There are two operations that facilitate participation in a liquidity pool: LiquidityPoolDeposit and LiquidityPoolWithdraw. Use LiquidityPoolDeposit whenever a user wants to start providing liquidity to the market. Use LiquidityPoolWithdraw whenever a user wants to stop providing liquidity to the market. It’s really that easy.
However, users don’t need to participate in the pool to take advantage of what it’s offering: an easy way to exchange two assets. For that, just use PathPaymentStrictReceive or PathPaymentStrictSend. If your application is already using path payments, then you don’t need to change anything for users to take advantage of the prices available in liquidity pools.
For now, we'll cover basic liquidity pool participation and querying.
In the following code samples, proper error checking is omitted for brevity. However, you should always validate your results, as there are many ways that requests can fail. You can refer to the guide on Handling Errors Gracefully for tips on error management strategies.
For all of the following examples, we'll be working with three funded testnet accounts. If you'd like to follow along, generate some keypairs and fund them via the friendbot. If you use the secrets included in this guide, you may encounter problems with asset issuance or other account balance problems.

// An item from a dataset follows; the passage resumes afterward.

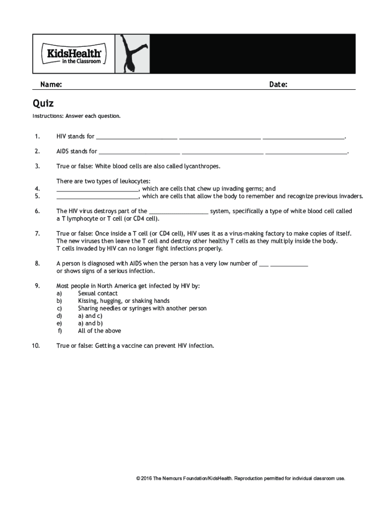Instructions: Answer each question.1.HIV stands for ___ ___ ___.2.AIDS stands for ___ ___ ___.3. True or false: White blood cells are also called misanthropes.4.

The following code sets up the accounts and defines some helper functions. These should be familiar if you've played around with other examples, like Clawbacks.
const sdk = require("stellar-sdk");
let server = new sdk.Server("https://horizon-testnet.stellar.org");
/// Helps simplify creating & signing a transaction.
function buildTx(source, signer, ...ops) {
let tx = new sdk.TransactionBuilder(source, {
fee: sdk.BASE_FEE,
networkPassphrase: sdk.Networks.TESTNET,
withMuxing: true,
});
ops.forEach(op => tx.addOperation(op));
tx = tx.setTimeout(30).build();
tx.sign(signer);
return tx;
}
/// Returns the given asset pair in "protocol order."
function orderAssets(A, B) {
return (sdk.Asset.compare(A, B) <= 0) ? [A, B] : [B, A];
}
/// Returns all of the accounts we'll be using.
function getAccounts() {
return Promise.all(kps.map(kp => server.loadAccount(kp.publicKey())));
}
const kps = [
"SBGCD73TK2PTW2DQNWUYZSTCTHHVJPL4GZF3GVZMCDL6GYETYNAYOADN",
"SAAQFHI2FMSIC6OFPWZ3PDIIX3OF64RS3EB52VLYYZBX6GYB54TW3Q4U",
"SCJWYFTBDMDPAABHVJZE3DRMBRTEH4AIC5YUM54QGW57NUBM2XX6433P",
].map(s => sdk.Keypair.fromSecret(s));
// kp1 issues the assets
const kp1 = kps[0];
const [ A, B ] = orderAssets(...[
new sdk.Asset("A", kp1.publicKey()),
new sdk.Asset("B", kp1.publicKey()),
]);
/// Establishes trustlines and funds `recipientKp` for all `assets`.
function distributeAssets(issuerKp, recipientKp, ...assets) {
return server
.loadAccount(issuerKp.publicKey())
.then(issuer => {
const ops = assets.map(asset => [
sdk.Operation.changeTrust({
source: recipientKp.publicKey(),
limit: "100000",
asset: asset,
}),
sdk.Operation.payment({
source: issuerKp.publicKey(),
destination: recipientKp.publicKey(),
amount: "100000",
asset: asset,
}),
]).flat();
let tx = buildTx(issuer, issuerKp, ...ops);
tx.sign(recipientKp);
return server.submitTransaction(tx);
});
}
function preamble() {
return Promise.all([1, 2].map(i => distributeAssets(kp1, kps[i], A, B)));
}Here, we use distributeAssets() to establish trustlines and set up initial balances of two custom assets (A and B, issued by kp1) for two accounts (kp2 and kp3). For someone to participate in the pool, they must establish trustlines to each of the asset issuers and to the pool share asset (explained below).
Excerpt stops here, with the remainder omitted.